# [PROBLEM REQUIREMENTS]
Retype each line of the material below word for word; pictures stay out.

# [DATASET CONTENT]
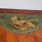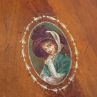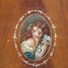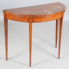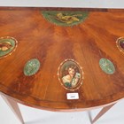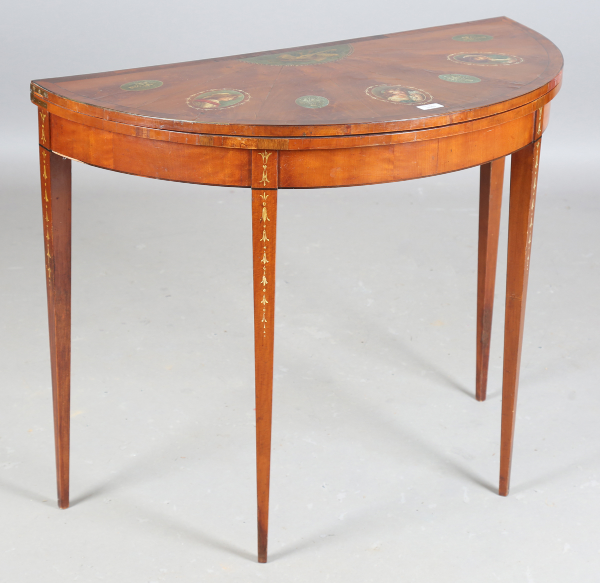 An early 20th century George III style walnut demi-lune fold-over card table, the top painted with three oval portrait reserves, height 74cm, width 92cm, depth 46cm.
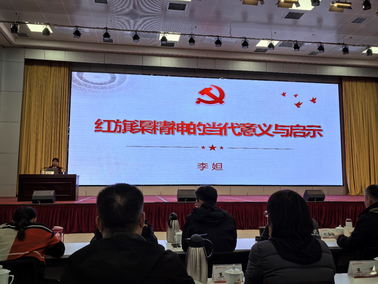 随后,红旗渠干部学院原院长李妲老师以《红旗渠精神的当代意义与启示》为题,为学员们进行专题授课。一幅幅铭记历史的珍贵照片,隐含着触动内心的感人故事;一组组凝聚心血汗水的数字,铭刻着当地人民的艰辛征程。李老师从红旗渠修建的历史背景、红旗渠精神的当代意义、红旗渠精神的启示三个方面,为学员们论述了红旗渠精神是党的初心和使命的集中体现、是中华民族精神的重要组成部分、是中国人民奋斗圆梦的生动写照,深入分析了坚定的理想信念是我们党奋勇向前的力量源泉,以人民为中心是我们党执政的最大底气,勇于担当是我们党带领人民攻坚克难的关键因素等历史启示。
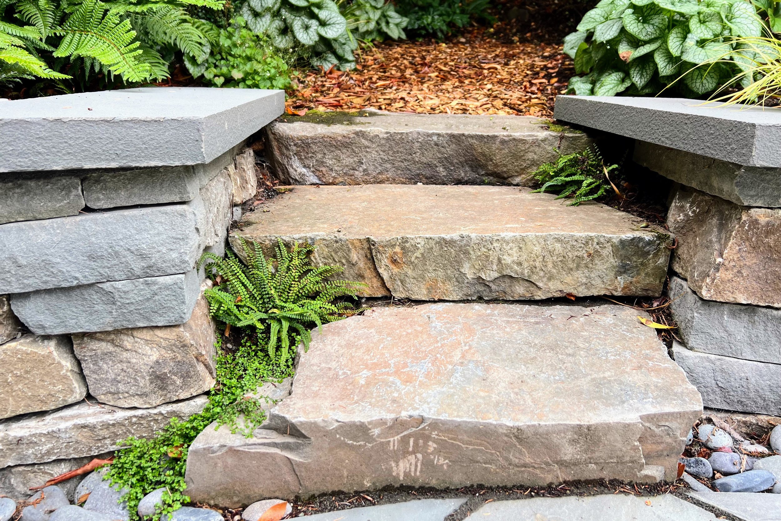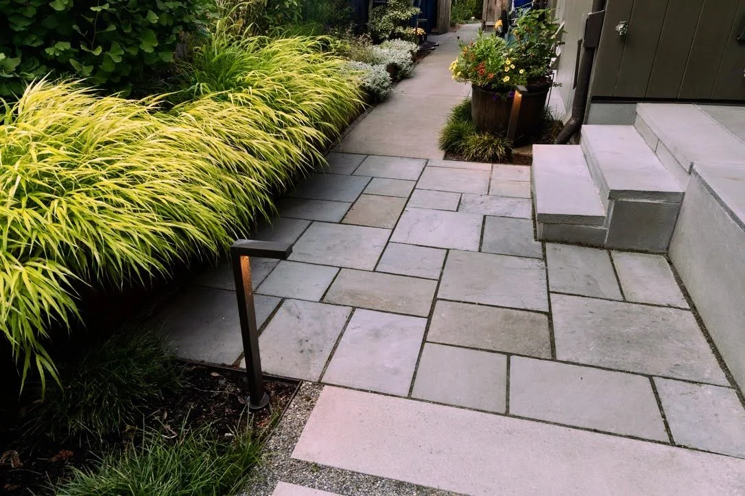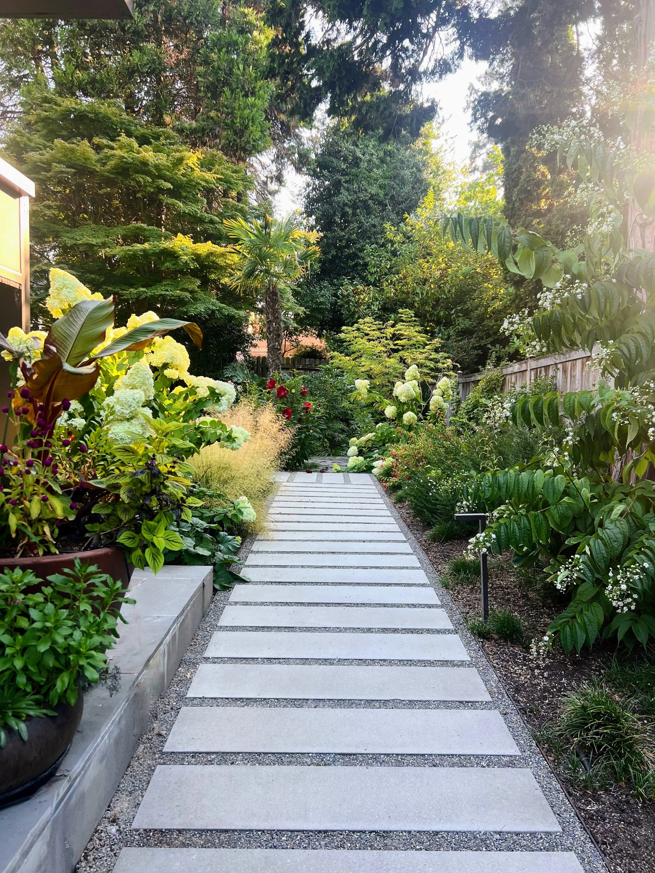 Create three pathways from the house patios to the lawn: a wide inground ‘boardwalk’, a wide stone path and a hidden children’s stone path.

# [REPLY]
 An early 20th century George III style walnut demi-lune fold-over card table, the top painted with three oval portrait reserves, height 74cm, width 92cm, depth 46cm.
 随后,红旗渠干部学院原院长李妲老师以《红旗渠精神的当代意义与启示》为题,为学员们进行专题授课。一幅幅铭记历史的珍贵照片,隐含着触动内心的感人故事;一组组凝聚心血汗水的数字,铭刻着当地人民的艰辛征程。李老师从红旗渠修建的历史背景、红旗渠精神的当代意义、红旗渠精神的启示三个方面,为学员们论述了红旗渠精神是党的初心和使命的集中体现、是中华民族精神的重要组成部分、是中国人民奋斗圆梦的生动写照,深入分析了坚定的理想信念是我们党奋勇向前的力量源泉,以人民为中心是我们党执政的最大底气,勇于担当是我们党带领人民攻坚克难的关键因素等历史启示。
 Create three pathways from the house patios to the lawn: a wide inground ‘boardwalk’, a wide stone path and a hidden children’s stone path.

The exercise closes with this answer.